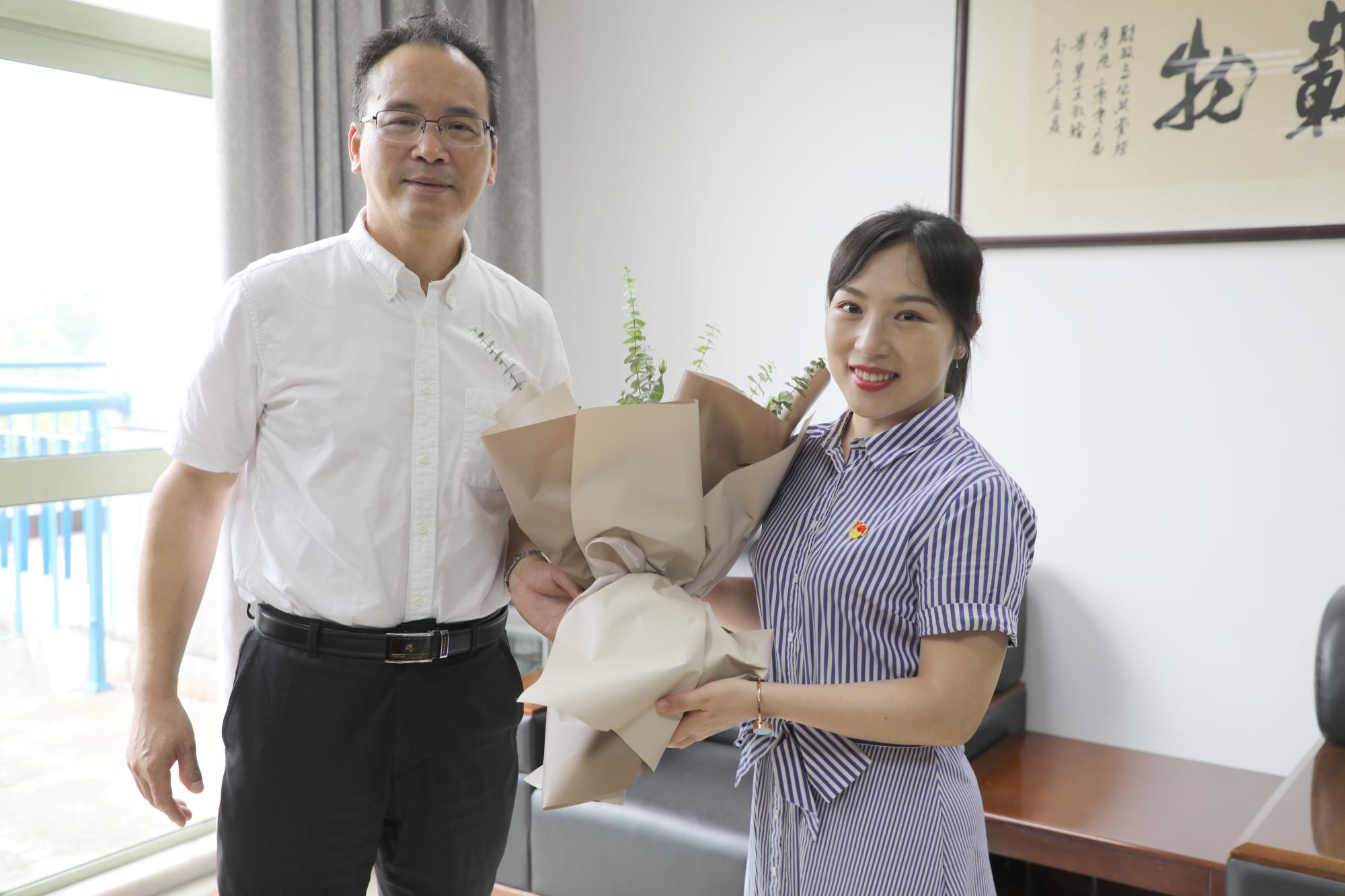 优秀教职工代表童幼雏老师,给她送去学校的关怀,并致以节日的问候和美好的祝福。
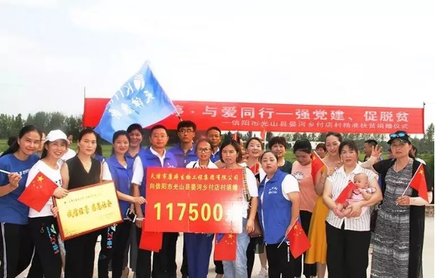 脱贫致富,除了物质生活水平需要提高,村民们的文化素质及精神生活也需要提高和丰富。通过河南省信阳市市场监督管理局的牵线搭桥,天津市康婷生物工程集团有限公司河南省分公司派人专程赴付店村内考察,参考该村村干部的意见,结合该村的实际困难积极协调,捐款用于该村修建面积为700平方米的文化广场,同时安装路灯15盏,为脱贫攻坚注入文明新风。
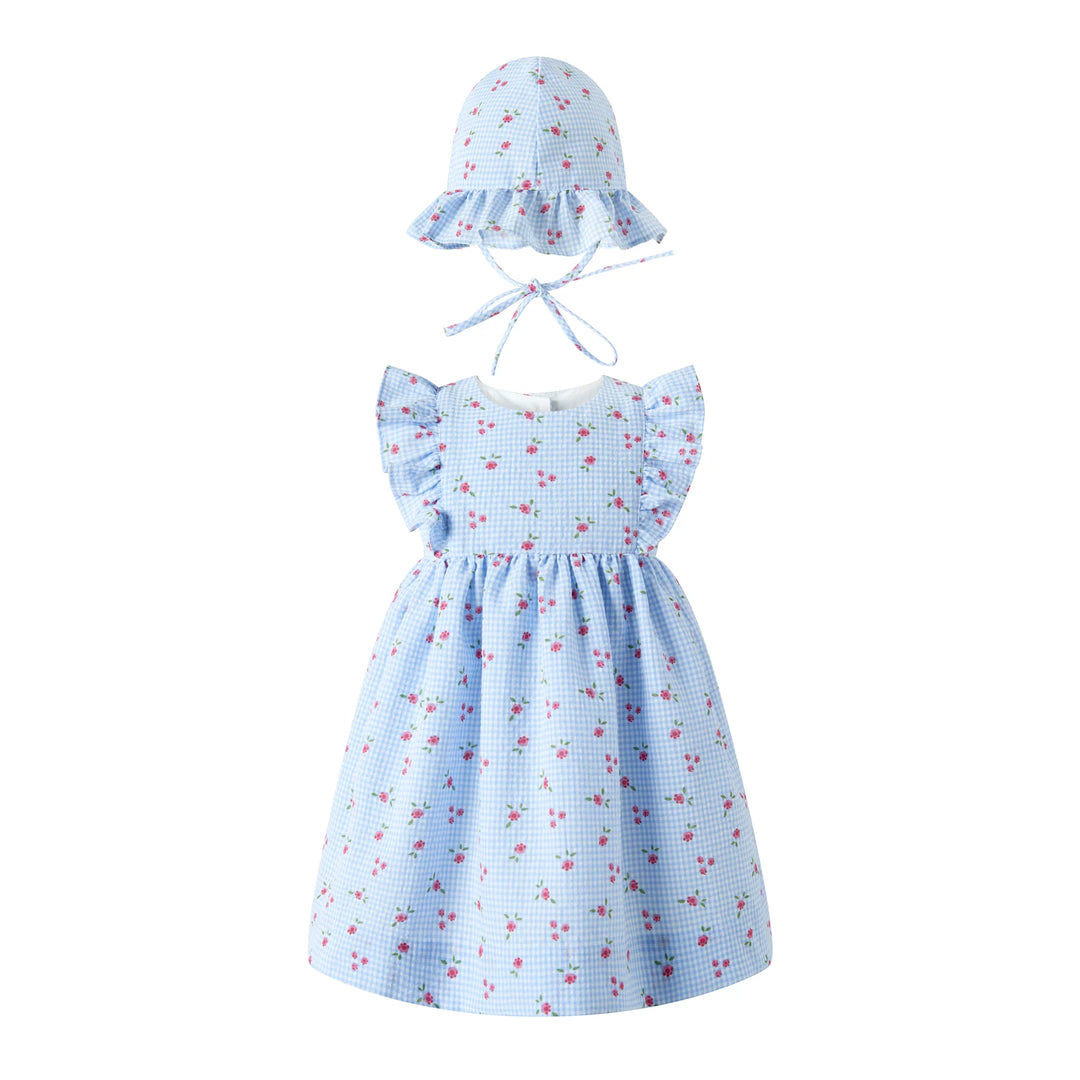 Blue Gingham Floral Sundress & Hat
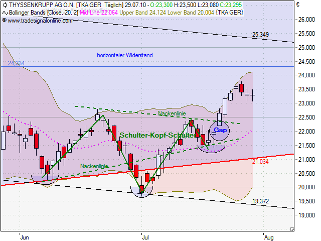 Charttechnik ist nicht alles und wenn du meinst erst bei 22 einsteigen zu wollen, dann brauchst du gute Nerven, denn der Kurs wird m.M.n weiter steigen, da Thyssen viel Nachholpotenzial hat und so schnell nicht um über 8% fällt.
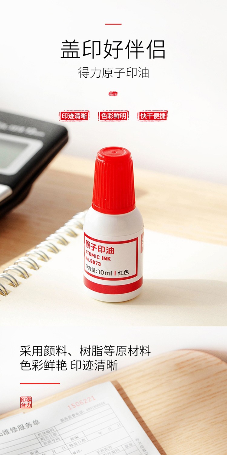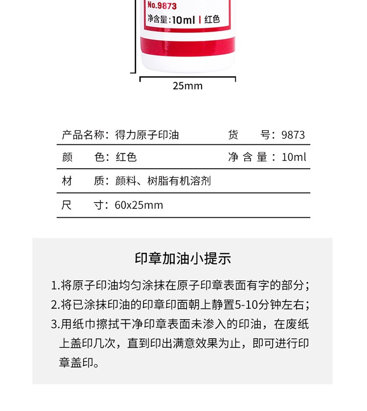 得力(deli) 9873 原子快干印油 印泥 10ml(紅色)
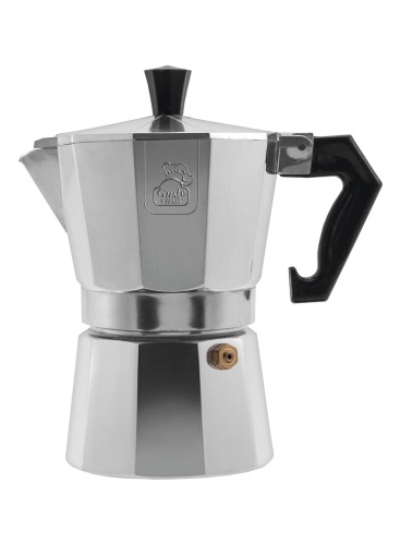 Καφετιέρα Espresso 2 φλυτζανιών με λαβή βακελίτη ασημί/μαύρο αλουμίνιο.
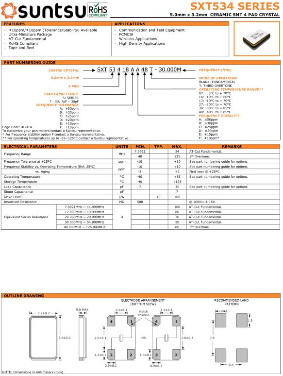 | 30.000MHz ~ 54.000MHz | 50 | AT-Cut Fundamental. | ||||
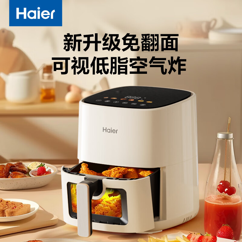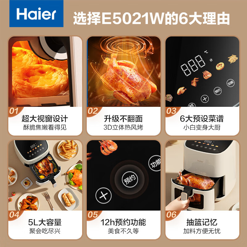 海尔空气炸锅5L家用可视大容量触控 不用翻面预约 不粘易清洁 低脂电炸锅炸烤箱一体机薯条机HA-E5021W价格:239.00元!
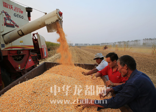???? 圖① 9月27日,扶溝縣大李莊鄉(xiāng)馮老村農(nóng)民正在收玉米。該縣各鄉(xiāng)鎮(zhèn)群眾抓住天氣晴好的有利時機,組織協(xié)調(diào)機械收秋,做到成熟一塊收割一塊,確保顆粒歸倉。黃金峰 攝????
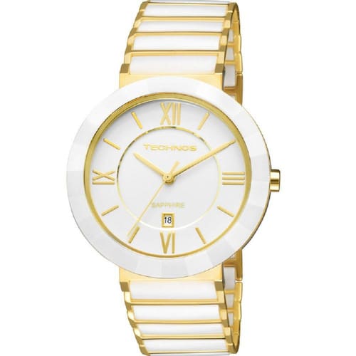Características: Relógio Technos Elegance Ceramic Sapphire - 2015CE/4B Caixa Em Aco, Coroa Estampada Com Logomarca Technos, Pulseira Em Cerâmica Branca Com Filete Dourado Ao Redor De Cada Elo, Analógico, Datador, Ponteiro Dourado, Cor Índex: Dourado, Resistência A Água: 50 Metros (5 Atm) Tipo De Vidro: Safira,
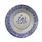 Piatto in maiolica dipinto a fiori azzurri su fondo bianco e ciotola con al centro casetta e nuvole azzurro su fondo bianco
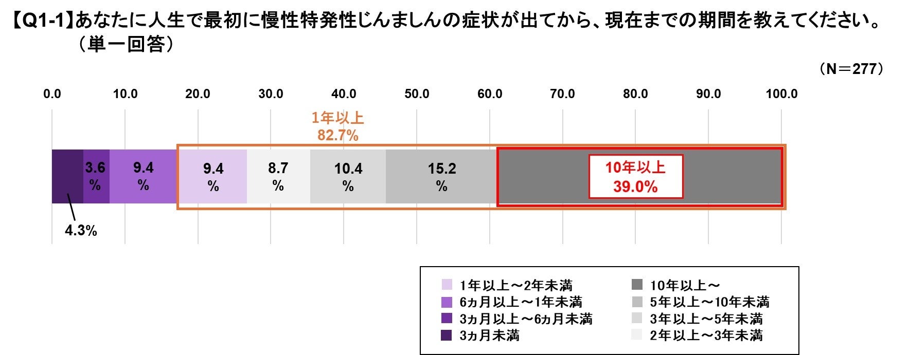 1.慢性特発性じんましん患者さんのうち、約4割が人生で最初に症状が出てから現在までの期間が「10年以上」と回答。4人に1人は「ほぼ毎日症状が出続けている」
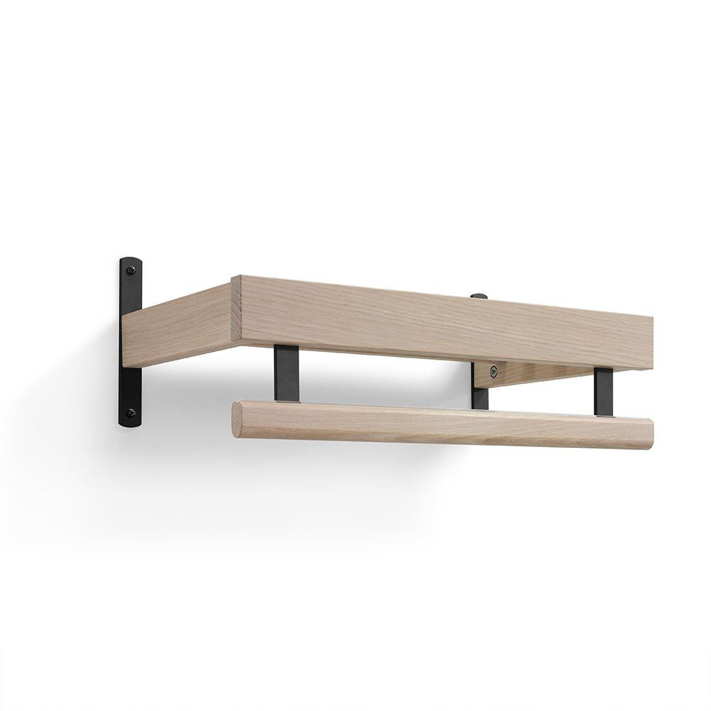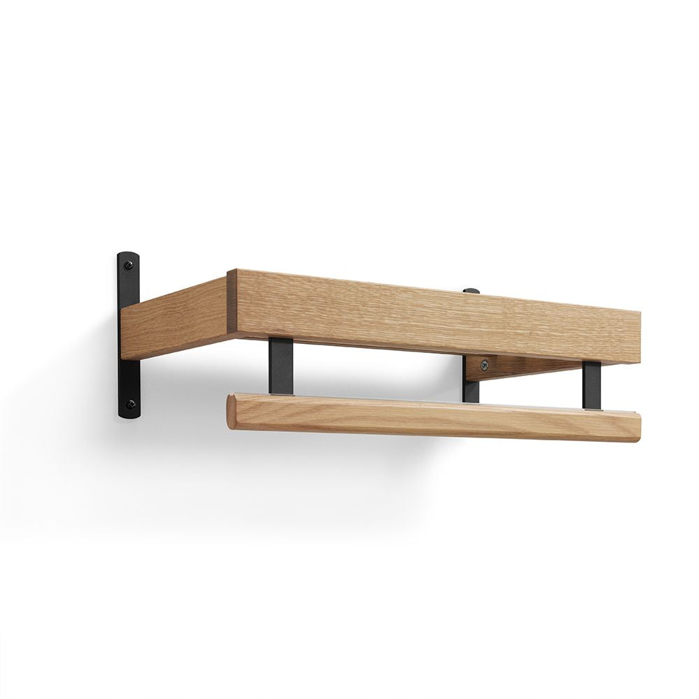 • Väggmonterad hylla i ek med svarta metallbeslag och handduksstång
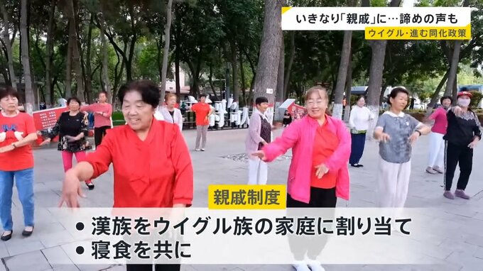 「親戚制度」とは人口の9割を占める漢族をウイグル族の家庭に割り当て、まるで家族の一員のように、家で一緒に食事をしたり寝泊まりをすることで、ウイグル族を監視するとともに中華民族の一員としての意識を植え付ける政策です。
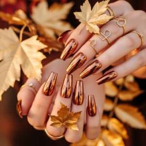 This metallic finish reflects light beautifully and adds a modern twist to your fall manicure.
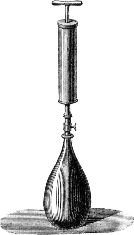 Doch genug für jetzt von dem Druck und dem Gewichte der Luft, um noch eine andere wichtige Eigenschaft an ihr kennen zu lernen. Ihr saht soeben bei der Knallbüchse, wie ich den zweiten Pfropfen ½ bis ¾ Zoll weit hineintreiben konnte, ehe der vordere hinausflog, daß also die eingeschlossene Luft bis zu einem gewissen Punkte dem Druck nachgab; ebenso[151] saht Ihr, wie sich die Luft in der kupfernen Flasche mittelst der Pumpe so bedeutend zusammenpressen ließ. Nun, das hängt von einer wunderbaren Eigenschaft der Luft ab, nämlich von ihrer Elastizität. Ich werde Euch diese Eigenschaft der Luft möglichst gut zu veranschaulichen suchen. Eine Blase aus Gummihaut, wie ich sie hier habe, eignet sich vortrefflich dazu. Sie ist luftdicht, d. h. sie läßt weder Luft ein- noch austreten; aber sie kann sich ausdehnen und wieder zusammenziehen, so daß sie der darin eingeschlossenen Luft in jeder Weise nachgibt, und daher gleichsam als Maßstab ihrer Elastizität dienen kann. Ihr seht, die jetzt schlaffe Blase enthält nur wenig Luft. Ich binde sie fest zu, bringe sie unter die Glocke der Luftpumpe und pumpe aus dieser die Luft heraus, hebe also den Druck der letzteren auf die in der Blase befindliche Luft auf. Seht, wie sie jetzt fort und fort sich ausdehnt, weiter und immer weiter, bis sie nun den ganzen Innenraum der Glocke ausgefüllt hat. Und lasse ich nun die Luft wieder in die Glasglocke eindringen, seht da, so geht auch die Luft in der Blase wieder auf ihren ursprünglichen Umfang zurück. Dies zeigt uns deutlich die wunderbare Eigenschaft der Luft, welche man Elastizität nennt. Vermöge derselben ist sie in so hohem Grade befähigt, sich zusammendrücken zu lassen und sich auszudehnen, und gerade hierdurch ist sie ganz besonders zu ihrer wichtigen Rolle im Haushalte der Natur geeignet.
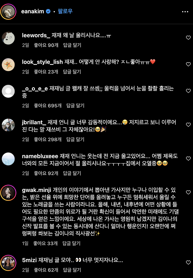 감성적이고 위로를 전하는 진솔한 가사에
------------------------
Work instructions
From the first record to the last, print everything again exactly, without pictures.

Exercise result
 优秀教职工代表童幼雏老师,给她送去学校的关怀,并致以节日的问候和美好的祝福。
 脱贫致富,除了物质生活水平需要提高,村民们的文化素质及精神生活也需要提高和丰富。通过河南省信阳市市场监督管理局的牵线搭桥,天津市康婷生物工程集团有限公司河南省分公司派人专程赴付店村内考察,参考该村村干部的意见,结合该村的实际困难积极协调,捐款用于该村修建面积为700平方米的文化广场,同时安装路灯15盏,为脱贫攻坚注入文明新风。
 Blue Gingham Floral Sundress & Hat
 Charttechnik ist nicht alles und wenn du meinst erst bei 22 einsteigen zu wollen, dann brauchst du gute Nerven, denn der Kurs wird m.M.n weiter steigen, da Thyssen viel Nachholpotenzial hat und so schnell nicht um über 8% fällt.
 得力(deli) 9873 原子快干印油 印泥 10ml(紅色)
 Καφετιέρα Espresso 2 φλυτζανιών με λαβή βακελίτη ασημί/μαύρο αλουμίνιο.
 | 30.000MHz ~ 54.000MHz | 50 | AT-Cut Fundamental. | ||||
 海尔空气炸锅5L家用可视大容量触控 不用翻面预约 不粘易清洁 低脂电炸锅炸烤箱一体机薯条机HA-E5021W价格:239.00元!
???? 圖① 9月27日,扶溝縣大李莊鄉(xiāng)馮老村農(nóng)民正在收玉米。該縣各鄉(xiāng)鎮(zhèn)群眾抓住天氣晴好的有利時機,組織協(xié)調(diào)機械收秋,做到成熟一塊收割一塊,確保顆粒歸倉。黃金峰 攝????
Características: Relógio Technos Elegance Ceramic Sapphire - 2015CE/4B Caixa Em Aco, Coroa Estampada Com Logomarca Technos, Pulseira Em Cerâmica Branca Com Filete Dourado Ao Redor De Cada Elo, Analógico, Datador, Ponteiro Dourado, Cor Índex: Dourado, Resistência A Água: 50 Metros (5 Atm) Tipo De Vidro: Safira,
 Piatto in maiolica dipinto a fiori azzurri su fondo bianco e ciotola con al centro casetta e nuvole azzurro su fondo bianco
 1.慢性特発性じんましん患者さんのうち、約4割が人生で最初に症状が出てから現在までの期間が「10年以上」と回答。4人に1人は「ほぼ毎日症状が出続けている」
 • Väggmonterad hylla i ek med svarta metallbeslag och handduksstång
 「親戚制度」とは人口の9割を占める漢族をウイグル族の家庭に割り当て、まるで家族の一員のように、家で一緒に食事をしたり寝泊まりをすることで、ウイグル族を監視するとともに中華民族の一員としての意識を植え付ける政策です。
 This metallic finish reflects light beautifully and adds a modern twist to your fall manicure.
 Doch genug für jetzt von dem Druck und dem Gewichte der Luft, um noch eine andere wichtige Eigenschaft an ihr kennen zu lernen. Ihr saht soeben bei der Knallbüchse, wie ich den zweiten Pfropfen ½ bis ¾ Zoll weit hineintreiben konnte, ehe der vordere hinausflog, daß also die eingeschlossene Luft bis zu einem gewissen Punkte dem Druck nachgab; ebenso[151] saht Ihr, wie sich die Luft in der kupfernen Flasche mittelst der Pumpe so bedeutend zusammenpressen ließ. Nun, das hängt von einer wunderbaren Eigenschaft der Luft ab, nämlich von ihrer Elastizität. Ich werde Euch diese Eigenschaft der Luft möglichst gut zu veranschaulichen suchen. Eine Blase aus Gummihaut, wie ich sie hier habe, eignet sich vortrefflich dazu. Sie ist luftdicht, d. h. sie läßt weder Luft ein- noch austreten; aber sie kann sich ausdehnen und wieder zusammenziehen, so daß sie der darin eingeschlossenen Luft in jeder Weise nachgibt, und daher gleichsam als Maßstab ihrer Elastizität dienen kann. Ihr seht, die jetzt schlaffe Blase enthält nur wenig Luft. Ich binde sie fest zu, bringe sie unter die Glocke der Luftpumpe und pumpe aus dieser die Luft heraus, hebe also den Druck der letzteren auf die in der Blase befindliche Luft auf. Seht, wie sie jetzt fort und fort sich ausdehnt, weiter und immer weiter, bis sie nun den ganzen Innenraum der Glocke ausgefüllt hat. Und lasse ich nun die Luft wieder in die Glasglocke eindringen, seht da, so geht auch die Luft in der Blase wieder auf ihren ursprünglichen Umfang zurück. Dies zeigt uns deutlich die wunderbare Eigenschaft der Luft, welche man Elastizität nennt. Vermöge derselben ist sie in so hohem Grade befähigt, sich zusammendrücken zu lassen und sich auszudehnen, und gerade hierdurch ist sie ganz besonders zu ihrer wichtigen Rolle im Haushalte der Natur geeignet.
 감성적이고 위로를 전하는 진솔한 가사에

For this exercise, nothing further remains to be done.